Monday, August 6, 2007

Carburetor.

This is a device in a gasoline engine. It vaporizes the gas and mixes it with a regulated amount of air that aids in efficient combustion in the engine cylinders. Land vehicles, boats, and light aircraft have a float carburetor, in which a float regulates the fuel level in a reservoir from which the fuel is continuously sucked into the intake manifold at a restriction called a venturi. The carburetor has been replaced by the fuel injection system in many modern vehicles.

FUEL injection.

In an internal combustion engine, the fuel injection system is that which delivers fuel or a fuel-air mixture to the cylinders by means of pressure from a pump. It was originally used in diesel engines because of diesel fuel's greater viscosity and the need to overcome the high pressure of the compressed air in the cylinders. A diesel fuel injector sprays an intermittent, timed, metered quantity of fuel into a cylinder, distributing the fuel throughout the air within. Fuel injection is also now used in gasoline engines in place of a carburetor. In gasoline engines the fuel is first mixed with air, and the resulting mixture is delivered to the cylinder. Computers are used in modern fuel injection systems to regulate the process. The positive effects of fuel injection are that there is more efficient fuel combustion, better fuel economy and engine performance and reduced polluting exhaust

Thursday, August 2, 2007

How a car Engine works ?

Automotive production down the ages has required a wide range of energy-conversion systems. These include electric, steam, solar, turbine, rotary, and different types of piston-type internal combustion engines. The reciprocating-piston internal -combustion system, operating on a four-stroke cycle, has been the most successful for automobiles, while diesel engines are widely used for trucks and buses.

The gasoline engine was originally selected for the automobile due to its flexibility over a wide range of speeds. Also, the power developed for a given weight engine was reasonable; it could be produced by economical mass-production methods; and it used a readily available, moderately priced fuel--gasoline. Reliability, compact size, and range of operation later became important factors.

In today’s world, there has been a growing emphasis on the pollution producing features of automotive power systems. This has created new interest in alternate power sources and internal-combustion engine refinements that were not economically feasible in prior years. Although a few limited-production battery-powered electric vehicles have appeared from time to time, they have not proved to be competitive owing to costs and operating characteristics.
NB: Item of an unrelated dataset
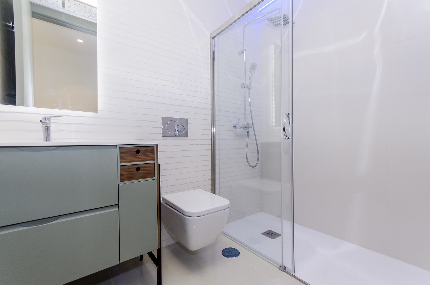 At street level the door gives access to the reception area of the apartment block where a few steps lead up to the front door of the apartment. This opens into the main living, dining and kitchen area which benefits from access to a large balcony. At the back of the kitchen is a patio with laundry area and storage. Moving through the living and kitchen area a hallway gives access to the first bedroom and courtesy bathroom and to the left of this is the master bedroom with en-suite bathroom and access to the balcony.

However, the gasoline engine, with its new emission-control devices to improve emission performance, has not yet been challenged significantly.

The first half of the twentieth century saw a trend to increase engine horsepower, particularly in the American models. Design changes incorporated all known methods of raising engine capacity, including increasing the pressure in the cylinders to improve efficiency, increasing the size of the engine, and increasing the speed at which power is generated. The higher forces and pressures created by these changes created engine vibration and size problems that led to stiffer, more compact engines with V and opposed cylinder layouts replacing longer straight-line arrangements. In passenger cars, V-8 layouts were adopted for all piston displacements greater than 250 cubic inches (4 litres).

Smaller cars brought about a return a to smaller engines, the four- and six-cylinder designs rated as low as 80 horsepower, compared with the standard-size V-8 of large cylinder bore and relatively short piston stroke with horsepower ratings in the range from 250 to 350.

The automobile engines from Europe had a bigger range, varying from 1to12 cylinders with corresponding differences in overall size, weight, piston displacement, and cylinder bores. Four cylinders and horsepower ratings from 19 to 120 was followed in a majority of the models. Several three-cylinder, two-stroke-cycle models were built while most engines had straight or in-line cylinders. There were several V-type models and horizontally opposed two- and four-cylinder makes too. Overhead camshafts were frequently employed. The smaller engines were commonly air-cooled and located at the rear of the vehicle; compression ratios were relatively low. The 1970s and '80s saw an increased interest in improved fuel economy which brought in a return to smaller V-6 and four-cylinder layouts, with as many as five valves per cylinder to improve efficiency.